There’s more to video journalism than point-and-shoot

By Lost Albatross via Flickr Creative Commons

We at Journalism in Motion have just finished the TV component of our course, and I’ve found that the process of learning how to film and construct a storyline for TV has changed the way I watch TV and video for good.

Constructing a fair and accurate report using visual imagery is an acquired skill, but it’s essential for a lot of video journalism. So I wish I’d seen this excellent list of tips for shooting video by the BBC College of Journalism a long time ago.

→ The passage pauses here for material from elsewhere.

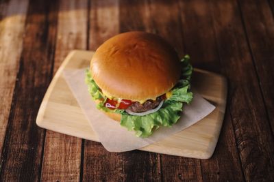 Булочка пшеничная, говяжья котлета, сырный соус Чеддер, помидор, лист салата, кетчуп, горчица.
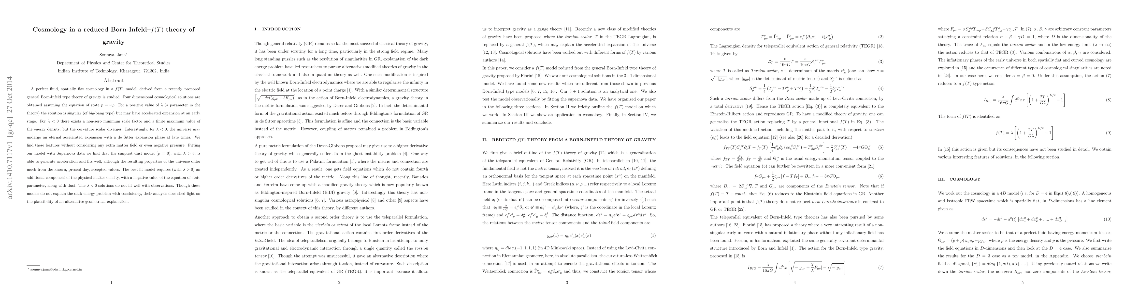 A perfect fluid, spatially flat cosmology in a $f(T)$ model, derived from a recently proposed general Born-Infeld type theory of gravity is studied. Four dimensional cosmological solutions are obtained assuming the equation of state $p=\omega \rho$. For a positive value of $\lambda $ (a parameter in the theory) the solution is singular (of big-bang type) but may have accelerated expansion at an early stage. For $\lambda<0$ there exists a non-zero minimum scale factor and a finite maximum value of the energy density, but the curvature scalar diverges. Interestingly, for $\lambda <0$, the universe may undergo an eternal accelerated expansion with a de Sitter expansion phase at late times. We find these features without considering any extra matter field or even negative pressure. Fitting our model with Supernova data we find that the simplest dust model ($p=0$), with $\lambda >0$, is able to generate acceleration and fits well, although the resulting properties of the universe differ much from the known, present day, accepted values. The best fit model requires (with $\lambda > 0$) an additional component of the physical matter density, with a negative value of the equation of state parameter, along with dust. The $\lambda < 0$ solutions do not fit well with observations. Though these models do not explain the dark energy problem with consistency, their analysis does shed light on the plausibility of an alternative geometrical explanation.

Video journalism is a fiddly blend of the technical and the creative: if your kit isn’t working properly you won’t have a video report at all, but to create an effective piece you’ll usually need to go way beyond checking the sound levels, hitting the red button and standing back.

The BBC’s top tips include:
• Check your kit and make sure your batteries are charged
• Focus on the story, and try to sort out all your interviews in advance so that once you’re on location things run smoothly
• Use a combination of types of shots, varying wide shots to let the viewer know where they are with close-ups that show details

See the full list of tips here.

Lots of the video journalism we’ve discussed on this blog has largely ignored all of the above: often, the most striking reports are simply eyewitness accounts of extraordinary events, where the best thing the observer can do is hold the camera steady and try to take it all in. Often, this falls into the category of citizen journalists who just happen to be there when something incredible happens.

But for professional journalists who are attempting to tell a full and balanced story in video, the BBC’s advice is spot on.